Le récit, finalement ténu, a parfois du mal à tenir la distance après les ravages de la vague meurtrière. Les images chocs resteront gravées dans les mémoires et le travail du cinéaste consiste ensuite à faire le deuil du drame et à suivre chaque protagoniste dans leur quête de retrouvailles. Evidemment, à partir de là, ça se gâte un peu. The impossible n’évite pas toujours le pathos. Les enfants sont perdus, la mère est hospitalisée et le brave père de famille prend son courage à deux mains pour réunir à nouveau ce joli petit monde. Le récit bouleversant et édifiant du récit se heurte parfois à un sentimentalisme outré qui n’évite pas toujours une forme d’obscénité, telle ses gros plans racoleurs sur le visage à moitié défiguré de Naomi Watts ou la tristesse appuyée du regard des enfants. Mais le pire se situe dans la représentation de la population locale qui n’existe que pour une fonction : porter assistance aux occidentaux. Une faute de goût (à chaque fois présente dans le cinéma mainstream) qui n’altère pas la qualité du film cependant.

Bayona joue sur la corde raide. Il s’engouffre parfois dans les effets les plus éculés de ce type de cinéma très prisé à hollywood. En même temps, c’est la règle du jeu. Sans cynisme, il filme un mélodrame avec une grande franchise et sincérité. Il crée surtout une tension, un suspense palpable grâce à une mise en scène très fluide et ample. Il filme à hauteur d’homme. La caméra, souvent en mouvement, colle au basque des personnages, ne s’égare pas dans des plans d’ensembles inutiles ou des effets visuels inappropriés. Et en filmant l’après catastrophe, The impossible se démarque de classiques comme Titanic, La tour infernale ou 2012.

Enfin, les comédiens sont formidables. On n’a aucune difficulté à partager l’angoisse, la volonté de se battre d’Ewan McGregor, comédien un peu transparent mais auquel il est très facile de s’identifier. Et Naomi Watts, même défigurée et immobile pendant presque tout le film, parvient à nous bouleverser avec un simple regard. Elle s’impose à nouveau comme l’une des plus grandes comédiennes en activité,  loin devant les minauderies d’une Nicole Kidman.

Bayona perd un peu de son identité espagnole dans ce film spectaculaire et saisissant mais s’offre un ticket mérité pour Hollywood. On peut néanmoins regretter qu’il n’ait pas poursuivi sa carrière dans le cinéma d’épouvante ibérique. Mais soyons encourageant, on tient là un cinéaste à la fois habile et sensible.  Plus proche de Spielberg que de Roland Emmerich.

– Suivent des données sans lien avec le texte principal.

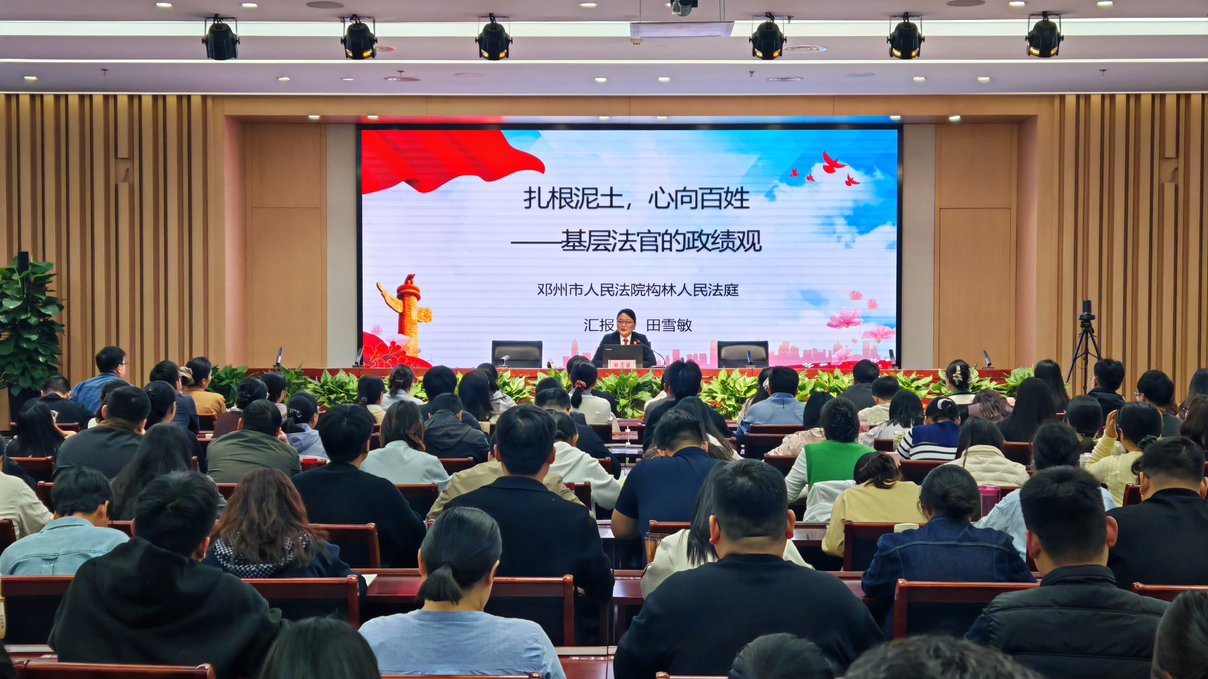 授课中,田雪敏结合自己十几年的基层法院工作经历,通过真实案例、PPT图片和视频等方式,用一张张现场照片、一段段办案视频和一个个真实案例,串联起她对基层法官政绩观的理解。她从三个方面娓娓道来:党建领航,心里有盏灯;服务大局,火线敢冲锋;用心用情,案结人更和。她讲述了“三下农田”化解土地权属纠纷、妥善处置涉众型纠纷、为下落不明当事人多方联系促成调解等办案经历。她说,基层法庭处理的多是邻里纠纷、家庭矛盾、借贷欠款,算不上大案要案,但每一件都关系老百姓的切身利益。法官的政绩,不在一年办了多少案子,而在化解了多少矛盾、修复了多少关系。

(ESP/GB) de Juan Antonio Bayona avec Ewan McGregor, Naomi Watts, Tom Holand

Sortie en Blu-Ray et DVD chez M6 Video.

Format vidéo:  2.35 (16/9 Anamorphique). Zone:  2. Sous-titres: Français

Bonus:

Le casting (6′)
« Réaliser The Impossible » (6′)
Scènes coupées (34′)
Commentaire audio de Juan Antonio Bayona, Sergio G. Sánchez et du producteur
Bande-annonce (2′)

1 commentaires sur “The impossible, de JA Bayona”
  1. Même en sachant qu’on se fait manipuler, j’ai été emporté par le mélo. J’ai trouvé que le gosse jouait plutôt bien, un peu façon Christian Bale dans l’empire du soleil. Et ce que j’ai trouvé pas mal, c’est la description crue et graphique des blessures. Un plan en particulier que je ne révélerai pas mais qui a dû en marquer certains…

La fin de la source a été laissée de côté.